Según
avanzaba por la orilla, las algas se enredaban entre los dedos de sus
pies. El mar ondeaba tranquilo, al compás del lejano susurro del
viento de poniente. A lo lejos, la neblina apenas permitía que se
atisbara el Peñón, que observaba omnipresente cada uno de sus pasos
desde la distancia. No dolía el sol, quizás porque se escondía a
ratos entre nubes inquietas.
Se
había alejado de la zona turística a conciencia. Era una cálida
mañana de martes de finales de junio pero ya se habían dejado caer
los primeros turistas con sus sombrillas, neveras portátiles,
toallas y olor a crema bronceadora para pálidos. Las familias
montaban campamentos durante los fines de semana. Dos sombrillas
techaban el cielo mientras que varias tumbonas cercaban el recinto,
cuidadosamente protegido por varios castillos de arena frente al mar,
alzados con cubos y palas y pequeñas manos.
No
olía a mar. Quizás la brisa se había llevado el característico
olor levantino mar adentro o quizás el sudor de su piel impregnaba
el ambiente volviendo todo olor ajeno imperceptible a su olfato. Sus
pasos impasibles se acercaban cada vez más al final de la playa. Se
subió las gafas de sol cuidadosamente para enganchárselas en el
pelo. El cielo se había teñido de una tonalidad absurda de
grisáceos y el sol ahora peleaba entre las nubes por recobrar su
protagonismo.
No
sonreía. Desde que había vuelto de Madrid apenas encontraba las
fuerzas de hacerlo. Alicante era la pequeña capital levantina en la
que había nacido y donde había pasado toda su infancia. Sin
embargo, apenas sentía que pertenecía a aquel lugar junto al mar.
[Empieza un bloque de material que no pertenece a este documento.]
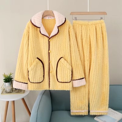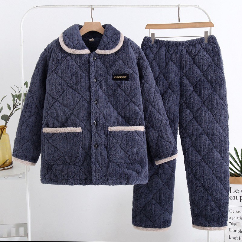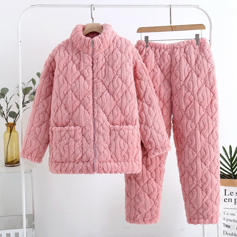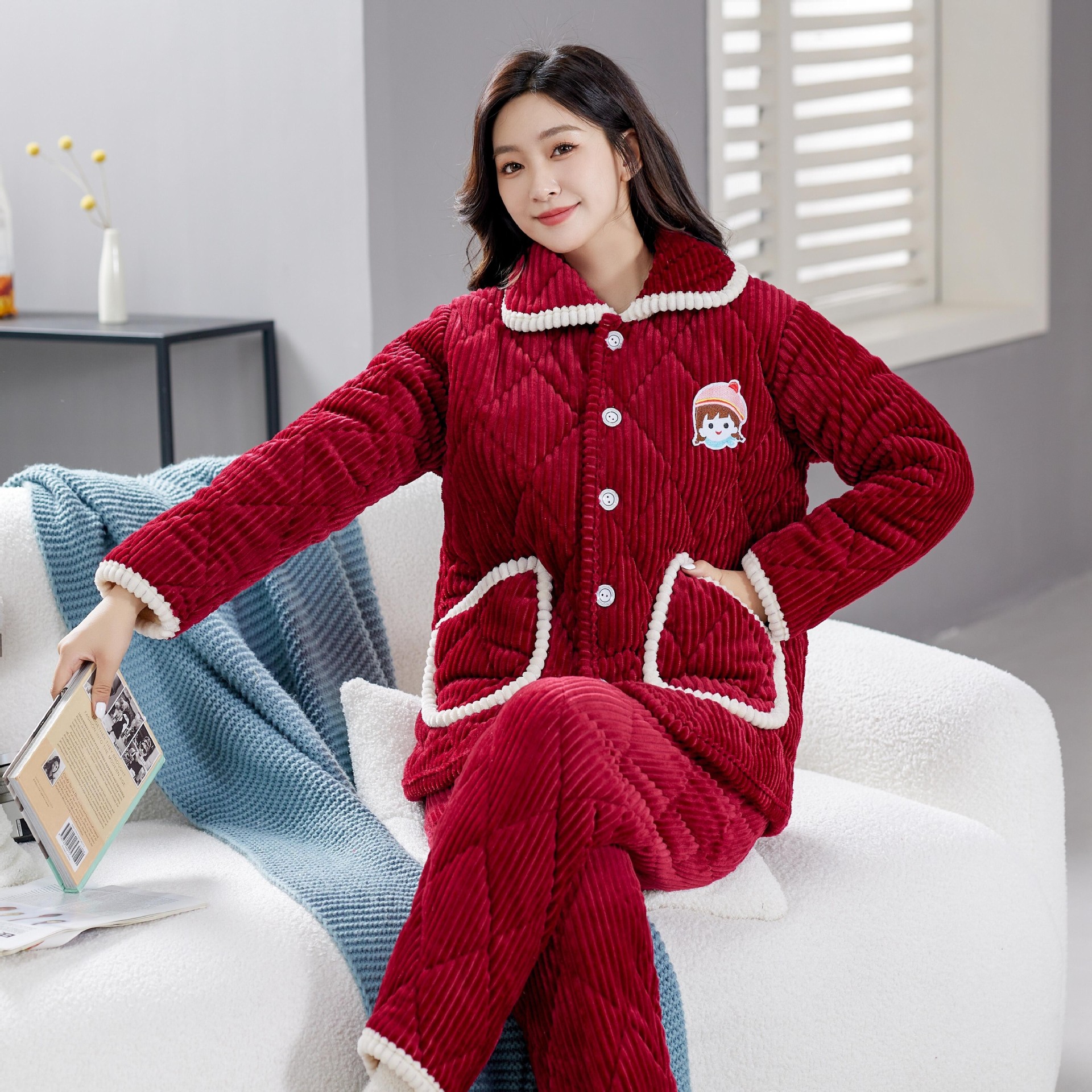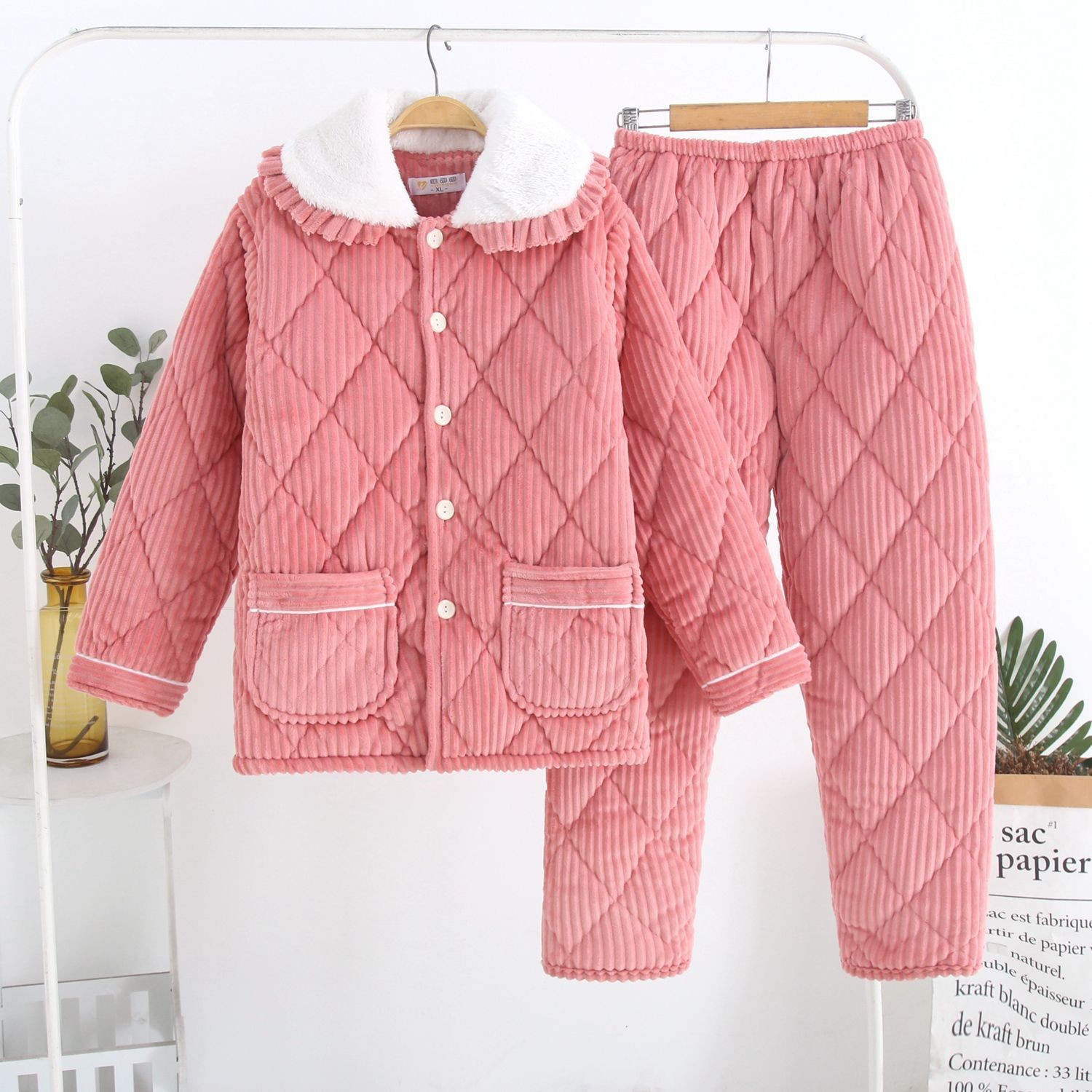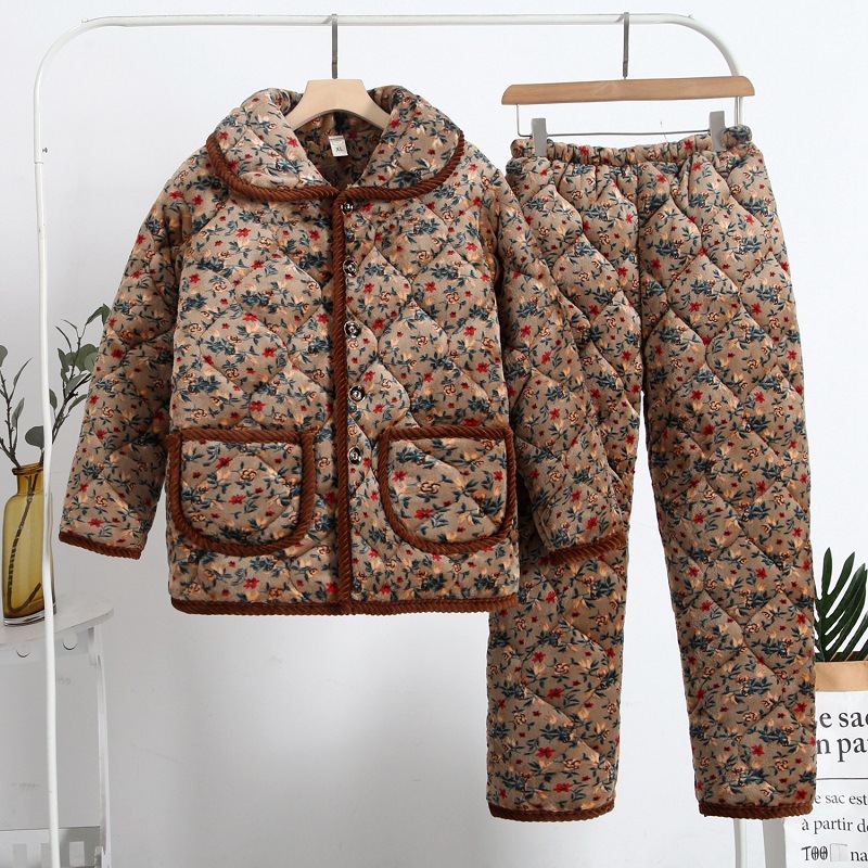 겨울 두꺼운 중년 및 노인 산호 양털 파자마 3 층 퀼트 플러스 사이즈 면 패딩 재킷 플란넬 따뜻한 여성 가정 옷

Quizás no pertenecemos al lugar de donde venimos. O tal vez no
pertenecemos a ningún lugar: nómadas bajo las estrellas al compás
de los sinceros latidos de nuestro corazón. En verano Alicante se
llenaba de forasteros y aquello la hacía sentir más fuera de lugar
aún. Recordaba sus rizos rubios al aire, su granja de Playmobil que
solía llevar a la playa, las piernas de su madre en aquella foto al
borde del mar. Nunca había estado allí. Los recuerdos se
difuminaban con cada paso presente. El pasado, como el futuro,
parecían tan solo artificio de una Polaroid mal calibrada. Y sin
embargo, no borraba el pasado reciente (casipresente), que la
acechaba con felices imágenes de manos entrelazados, de ojos
cansados de desearse tanto, de la luz de unas velas.
Las
olas rompían contra sus tobillos mientras permanecía mirando el
horizonte. Lo había hecho tantas otras veces... Es absurdo
preguntarle al cielo. Pero más absurdo es esperar que responda.